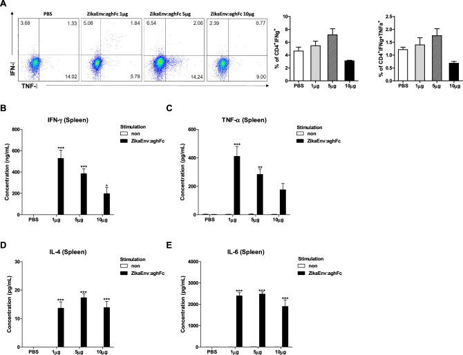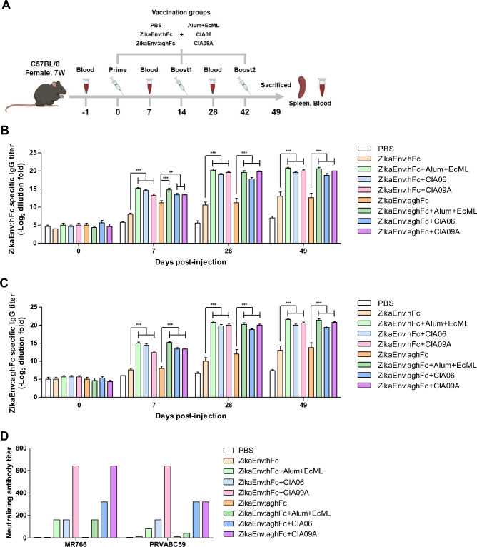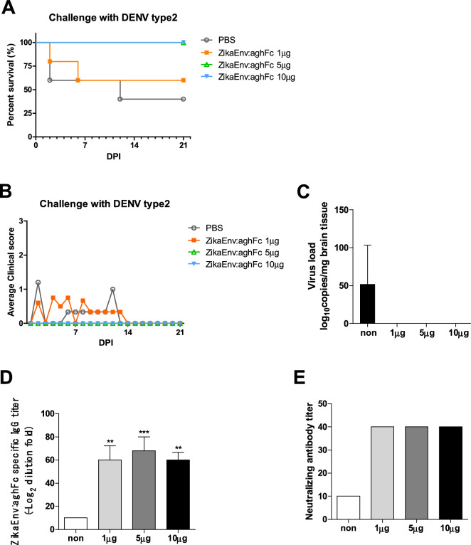 Zika virus infection causes multiple clinical issues, including Guillain-Barré syndrome and neonatal malformation. Vaccination is considered as the only strategy for the prevention of ZIKV-induced clinical issues. This study developed a plant-based recombinant vaccine that transiently expressed the ZIKV envelope protein (ZikaEnv:aghFc) in Nicotiana benthamiana and evaluated the protective immunity afforded by it in immunocompetent mice. ZikaEnv:aghFc induced both humoral and cellular immunity at a low dose (1-5 μg). This immune-inducing potential was enhanced further when adjuvanted CIA09A. In addition, antigen-specific antibodies and neutralizing antibodies were vertically transferred from immunized females to their progeny and afforded both protective immunity to ZIKV and cross-protection to Dengue virus infection. These results suggest that our plant-based ZIKV vaccine provides a safe and efficient protective strategy with a competitive edge.
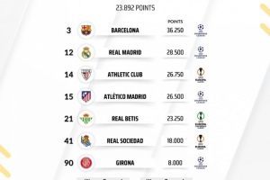 体育资讯6月6日讯 2024-25赛季的欧战赛事已全部结束,数据机构Football Rankings公布了西甲球队欧战积分排名情况,巴萨36.25分全欧第3,皇马第12位,马竞第15位。
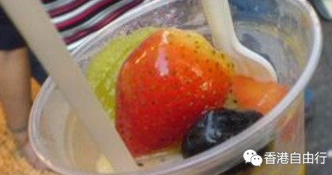 从议事亭前地到大三巴牌坊途中,在卖草地街上有一家人气旺得不得了的小店,人手一杯色彩缤纷的鲜果捞,一边喝着新鲜果汁、一边嚼着水果丁。这小小的店铺令人 心动的不是稀世珍宝,而是由新鲜生果制成的鲜杂果捞($16).材料十分丰富:西瓜、木瓜、蜜瓜、芒果、杨桃等,多不胜数。每到下午时分,一群群女士便会 蜂拥而至,争相购买。尤其在夏天,只要尝一口,保证你的暑气烟消云散,除了鲜果捞之外,另类的选择有:榴莲奶、凉瓜桃等。

= = = = =

All of the material above must be retyped exactly, line for line, with the images dropped.

 Zika virus infection causes multiple clinical issues, including Guillain-Barré syndrome and neonatal malformation. Vaccination is considered as the only strategy for the prevention of ZIKV-induced clinical issues. This study developed a plant-based recombinant vaccine that transiently expressed the ZIKV envelope protein (ZikaEnv:aghFc) in Nicotiana benthamiana and evaluated the protective immunity afforded by it in immunocompetent mice. ZikaEnv:aghFc induced both humoral and cellular immunity at a low dose (1-5 μg). This immune-inducing potential was enhanced further when adjuvanted CIA09A. In addition, antigen-specific antibodies and neutralizing antibodies were vertically transferred from immunized females to their progeny and afforded both protective immunity to ZIKV and cross-protection to Dengue virus infection. These results suggest that our plant-based ZIKV vaccine provides a safe and efficient protective strategy with a competitive edge.
 体育资讯6月6日讯 2024-25赛季的欧战赛事已全部结束,数据机构Football Rankings公布了西甲球队欧战积分排名情况,巴萨36.25分全欧第3,皇马第12位,马竞第15位。
 从议事亭前地到大三巴牌坊途中,在卖草地街上有一家人气旺得不得了的小店,人手一杯色彩缤纷的鲜果捞,一边喝着新鲜果汁、一边嚼着水果丁。这小小的店铺令人 心动的不是稀世珍宝,而是由新鲜生果制成的鲜杂果捞($16).材料十分丰富:西瓜、木瓜、蜜瓜、芒果、杨桃等,多不胜数。每到下午时分,一群群女士便会 蜂拥而至,争相购买。尤其在夏天,只要尝一口,保证你的暑气烟消云散,除了鲜果捞之外,另类的选择有:榴莲奶、凉瓜桃等。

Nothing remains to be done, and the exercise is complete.